Of course whilst noticing the different statements of the writers of the Gospels, I fully believe in their plenary inspiration, yet this does not affect the truth (and the beauty of the truth) that the Holy Ghost so acted on the mind of each writer as to produce that which should only be in keeping with the most absolute propriety and modesty, but also in some wise that which retains something of the impress of the mind through which it is communicated. The oil that runs down through the golden pipes of necessity takes somewhat the shape of the pipe through which it flows. The wind moves forward with its single majestic force, but it swells out the different sails in a thousand different ways.
Alas! for those who are so foolish as to think variations in gospel narrations to be contradictions. Not only do they wrest them to their own destruction, but what delicate shades of beauty there are, that their blind eyes can never perceive! “Ah, but Luke differs from Matthew: that's a discrepancy, a discord.” No, it is a complement, a concord. “But there are four different accounts;” “there is a confusion.” No, a harmony. “But which is true?” Thou fool! they are all true.

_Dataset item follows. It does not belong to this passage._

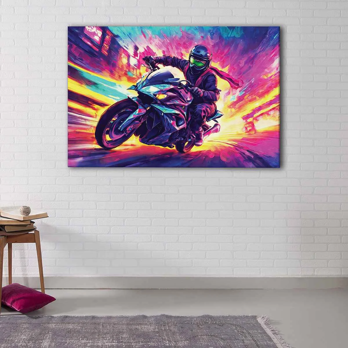 Our rainbow motorcycle wall art is available in 1 panel to 3 panel and 5 panel canvas options, as well as in various sizes, from small to oversized canvas prints. Whether you're looking to decorate your living room, hallway, kids room, or dining room, this vibrant art piece will undoubtedly make a statement.

Do not the four parts of music differ and yet are they not all true and harmonic,—soprano, alto, tenor, and bass? Would not four plans of the same building differ, one giving ground-plan, another the elevation, a third the eastern and a fourth the western sides? Are there not the four dimensions, length, breadth, thickness, and throughness in everything that exists from a pin-head to a planet? The accounts differ, do they? Thou fool! if they did not differ, we should only require one of them.
And that were melody without harmony. We prefer both. The beauty of the sound is increased exceedingly. Here is another instance: in enumerating the apostles, the other writers simply say “Matthew and Thomas,” putting Matthew before Thomas and saying nothing about his hated profession; whereas, when Matthew enumerates them, he puts himself after Thomas and mentions his own profession, “Thomas and Matthew the publican.” “You were originally a shoe-maker, Mr. Carey, I believe,” loftily said the great dignitary, to the man who translated the Bible for the Hindus. “No, my lord, only a cobbler,” he replied.
A plain, honest, Christian man, apparently without one spark of natural genius, but characterized by modesty, hospitality, and cheerful devotion. According to Papias, Irenæeus, Eusebius, and others, he wrote his Gospel originally in Hebrew for Jewish converts, though our Greek version of it was extant so early as the second century. There seems no reliable evidence of his having been martyred; he seems to have died a natural death.